And unlike decades past, those alternatives actually work.

“Those days when you had to sacrifice efficacy, packaging and probably scent to know your products were good for you are over,” says Credo co-founder Annie Jackson, who helped launch the first store in San Francisco in 2014. “Labs have really been hustling to get more innovative and contemporary. You can have it all now.”

Credo is among a growing array of retailers—from niche specialty stores to conventional beauty chains and big box behemoths—banking on the promising but slow-to-blossom market of natural health and beauty.

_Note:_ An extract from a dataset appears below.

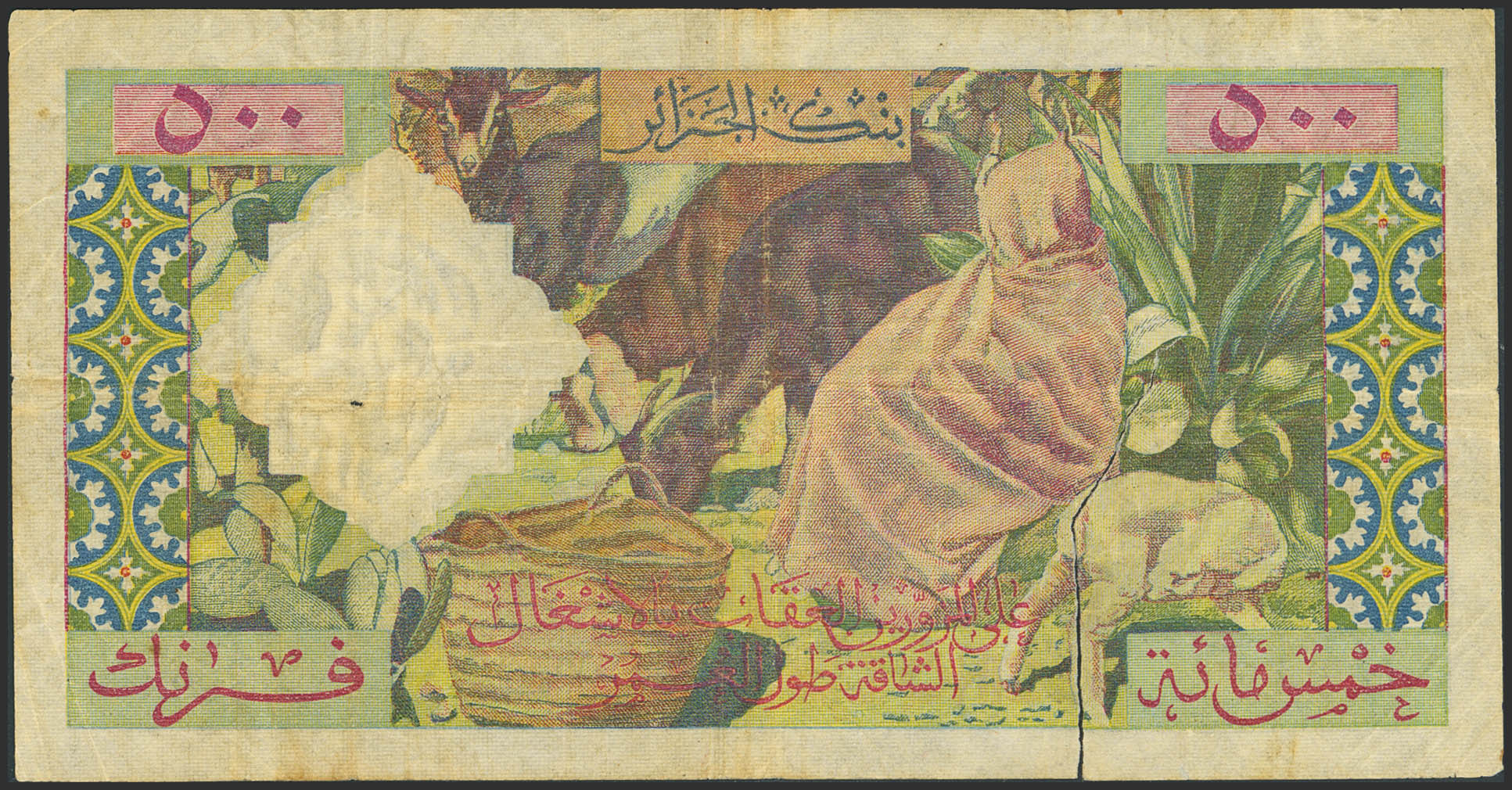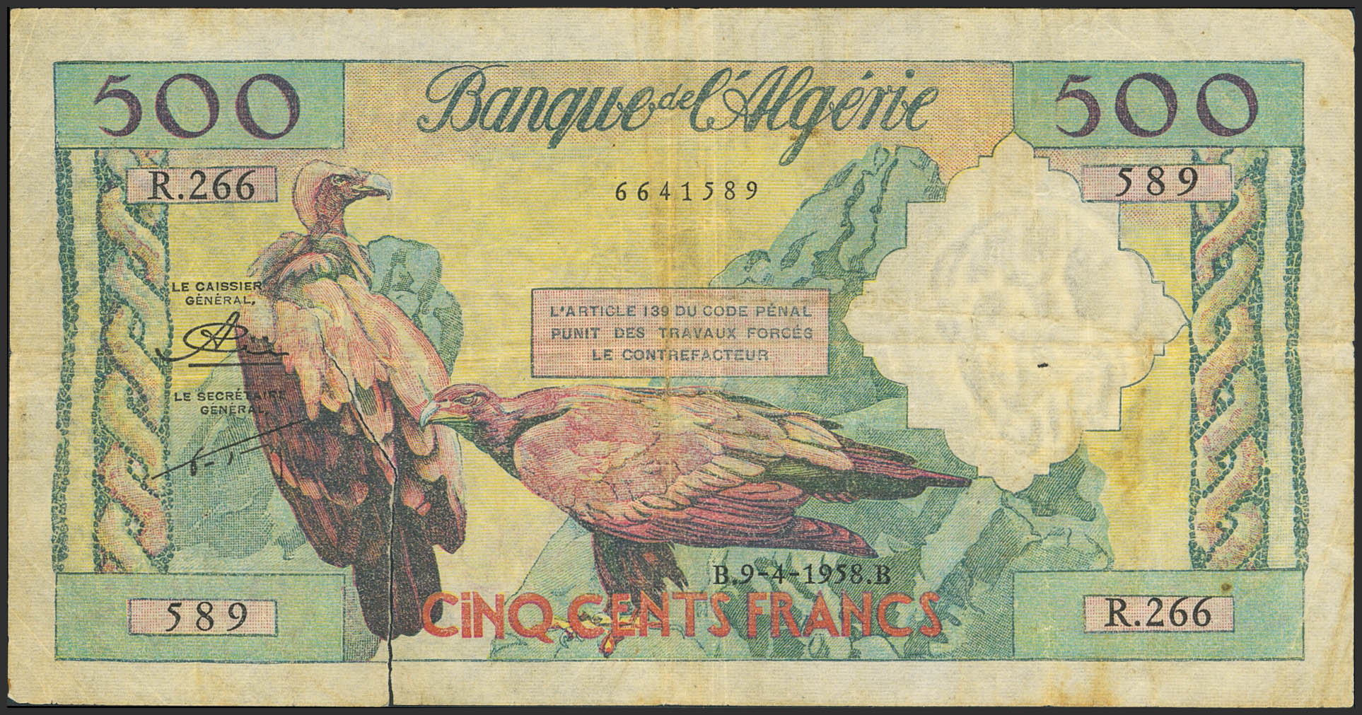 ALGERIA. 500 Francs. 9 April 1958. Banque de l'Algerie. (Pick: 117). Pinholes and tears. Fine.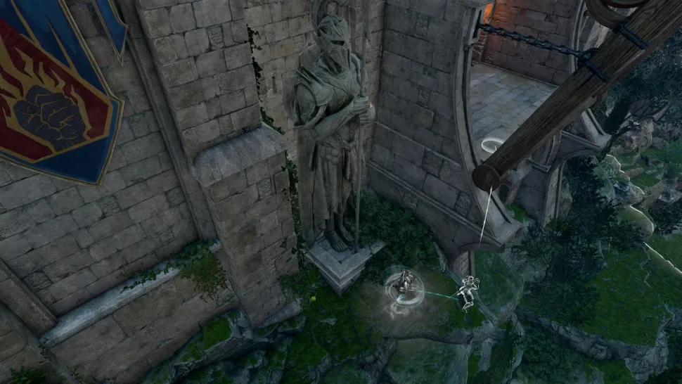 - Charaktere können entlang des Simses unter der Statue westlich der Zugbrücke gehen. Ein Gruppenmitglied, das diese Kante erreicht und über eine starke Sprungfähigkeit verfügt, kann über den Raum zwischen der Brücke und der Mauer springen.

After a flurry of double-digit sales gains for the category in the late 2000s, year-over-year growth has fizzled to mid-single digits across all channels in recent years, according to the Natural Foods Merchandiser Market Overview. In the natural channel—which saw a 30% spike in sales of such products in 2007—personal care is now one of the slowest growing categories, with the needle struggling to move 2% in 2018.

“A few years ago, we were experiencing much steeper inclines in sales, there were more consumers coming into the category, and there were more new products being introduced” says Maryellen Molyneaux, managing partner of the Pennsylvania-based market research firm NMI Solutions.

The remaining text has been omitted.